Take your example of {1,2,3}
The minimum is 1
Number of turns: (1-1)+(2-1)+(3-1) = 0 + 1 + 2 = 3
If you are really clever, it is possible to calculate the number of turns directly when inputting the numbers and keeping track of the current minimum number... Try it! ;)
You only care about the count not about the actual actions you need to perform. So instead of performing the moves one by one try to find a way to count the number of moves without performing them. The code you wrote will not pass in the time limit no matter how well you optimize it. The maximum element observation you've made will help you along the way.
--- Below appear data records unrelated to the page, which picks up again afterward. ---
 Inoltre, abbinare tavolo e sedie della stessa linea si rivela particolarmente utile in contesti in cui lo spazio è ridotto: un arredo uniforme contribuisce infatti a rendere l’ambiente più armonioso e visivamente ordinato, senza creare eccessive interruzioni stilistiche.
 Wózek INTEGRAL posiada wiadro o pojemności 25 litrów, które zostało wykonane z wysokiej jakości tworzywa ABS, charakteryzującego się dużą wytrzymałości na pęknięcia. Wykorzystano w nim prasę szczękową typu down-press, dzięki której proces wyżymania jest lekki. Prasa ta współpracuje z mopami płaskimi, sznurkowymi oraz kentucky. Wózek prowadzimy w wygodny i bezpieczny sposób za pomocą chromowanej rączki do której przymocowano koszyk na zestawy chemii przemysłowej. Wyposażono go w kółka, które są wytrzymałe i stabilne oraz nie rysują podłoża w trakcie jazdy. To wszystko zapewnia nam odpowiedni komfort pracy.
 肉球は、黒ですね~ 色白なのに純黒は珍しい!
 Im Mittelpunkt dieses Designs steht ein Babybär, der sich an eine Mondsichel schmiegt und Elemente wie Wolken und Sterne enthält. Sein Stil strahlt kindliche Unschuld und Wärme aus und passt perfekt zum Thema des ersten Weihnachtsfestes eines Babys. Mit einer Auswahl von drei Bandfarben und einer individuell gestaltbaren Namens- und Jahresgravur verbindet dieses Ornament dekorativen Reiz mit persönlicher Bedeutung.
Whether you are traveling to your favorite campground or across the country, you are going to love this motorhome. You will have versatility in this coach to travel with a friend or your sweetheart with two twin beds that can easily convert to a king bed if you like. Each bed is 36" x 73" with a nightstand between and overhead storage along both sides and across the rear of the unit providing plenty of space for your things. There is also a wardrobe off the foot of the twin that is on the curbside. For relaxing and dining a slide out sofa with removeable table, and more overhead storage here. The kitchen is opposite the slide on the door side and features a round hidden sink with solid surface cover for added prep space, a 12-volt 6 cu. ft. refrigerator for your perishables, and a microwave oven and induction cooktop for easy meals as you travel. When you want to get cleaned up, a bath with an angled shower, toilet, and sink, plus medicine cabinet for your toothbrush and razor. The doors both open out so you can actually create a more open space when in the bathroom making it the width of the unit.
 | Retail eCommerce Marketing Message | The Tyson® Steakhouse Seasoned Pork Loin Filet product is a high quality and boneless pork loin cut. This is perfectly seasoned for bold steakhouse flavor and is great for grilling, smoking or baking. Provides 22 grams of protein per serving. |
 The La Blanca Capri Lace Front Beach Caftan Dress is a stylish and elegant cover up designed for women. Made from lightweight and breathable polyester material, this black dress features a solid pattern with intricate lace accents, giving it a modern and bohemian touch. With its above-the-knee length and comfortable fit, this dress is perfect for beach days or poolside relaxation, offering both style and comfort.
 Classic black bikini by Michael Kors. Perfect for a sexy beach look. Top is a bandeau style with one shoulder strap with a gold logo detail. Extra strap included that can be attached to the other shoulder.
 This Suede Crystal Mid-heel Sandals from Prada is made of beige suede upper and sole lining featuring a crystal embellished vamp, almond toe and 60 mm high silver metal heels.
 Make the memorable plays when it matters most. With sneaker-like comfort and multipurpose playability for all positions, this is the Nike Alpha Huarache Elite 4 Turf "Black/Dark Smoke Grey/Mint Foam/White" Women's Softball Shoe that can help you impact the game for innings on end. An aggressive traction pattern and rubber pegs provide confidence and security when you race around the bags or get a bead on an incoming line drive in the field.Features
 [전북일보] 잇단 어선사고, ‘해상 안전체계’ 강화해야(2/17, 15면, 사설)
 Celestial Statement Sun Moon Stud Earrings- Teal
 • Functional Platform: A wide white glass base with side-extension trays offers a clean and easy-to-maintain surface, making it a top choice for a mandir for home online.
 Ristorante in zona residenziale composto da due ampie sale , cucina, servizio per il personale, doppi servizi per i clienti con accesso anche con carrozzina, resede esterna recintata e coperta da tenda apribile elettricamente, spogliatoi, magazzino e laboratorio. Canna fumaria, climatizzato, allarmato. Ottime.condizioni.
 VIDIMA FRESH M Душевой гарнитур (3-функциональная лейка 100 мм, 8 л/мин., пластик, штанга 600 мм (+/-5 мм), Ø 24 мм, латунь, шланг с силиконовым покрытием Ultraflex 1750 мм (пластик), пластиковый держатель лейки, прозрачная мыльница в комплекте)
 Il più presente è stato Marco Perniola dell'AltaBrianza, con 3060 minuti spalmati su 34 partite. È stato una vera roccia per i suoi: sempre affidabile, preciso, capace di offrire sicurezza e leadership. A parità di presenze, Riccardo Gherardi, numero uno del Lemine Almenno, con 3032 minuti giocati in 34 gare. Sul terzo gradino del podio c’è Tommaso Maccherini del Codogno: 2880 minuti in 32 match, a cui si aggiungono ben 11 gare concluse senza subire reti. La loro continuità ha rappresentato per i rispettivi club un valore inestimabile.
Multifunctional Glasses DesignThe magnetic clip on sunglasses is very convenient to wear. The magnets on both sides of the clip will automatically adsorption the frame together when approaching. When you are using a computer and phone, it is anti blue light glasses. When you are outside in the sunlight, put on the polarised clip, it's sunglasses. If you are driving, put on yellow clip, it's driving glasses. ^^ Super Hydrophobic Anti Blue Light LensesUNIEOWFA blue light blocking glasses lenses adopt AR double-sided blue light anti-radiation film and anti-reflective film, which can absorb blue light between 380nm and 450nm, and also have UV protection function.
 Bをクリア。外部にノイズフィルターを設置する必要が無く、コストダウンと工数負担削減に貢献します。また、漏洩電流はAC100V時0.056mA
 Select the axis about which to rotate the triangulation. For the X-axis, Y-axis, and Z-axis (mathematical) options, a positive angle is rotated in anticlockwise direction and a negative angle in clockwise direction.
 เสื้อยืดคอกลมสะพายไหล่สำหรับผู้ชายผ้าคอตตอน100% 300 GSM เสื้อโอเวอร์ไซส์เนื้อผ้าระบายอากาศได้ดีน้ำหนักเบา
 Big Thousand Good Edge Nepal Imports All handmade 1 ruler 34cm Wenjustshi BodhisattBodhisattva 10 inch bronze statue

Besides the other comments, if I get this right and your code is just a little bit too slow, here are two optimizations which should help you.
First, you can combine equality() and findMax() and only scan once through the array instead of your current worst case (twice).
Second, you can split the "increase" loop into two parts (below and above the max position). This will remove the effort to check the position in the loop.
1) Try unrolling the loops
2) Can you use SIMD instruction? That would really speed this code up
I would printf in a separate thread, since it's an I/O operation and is much slower than your calculations.
It also does not demand complicated management e.g Producer-Consumer queue, since you only pass the ordered numbers from 0 to last count.
Here's the pseudo-code:
volatile int m_count = 0;
volatile bool isExit = false;
void ParallelPrint()
{
int currCount = 0;
while (!isExit)
{
while (currCount < m_count)
{
currCount++;
printf("%d\n", currCount);
}
Sleep(0); // just content switch
}
}
Open the thread before the scanf("%d",&t); (I guess this initialization time is not counted), and close the thread by isExit = true; before the return from your Main().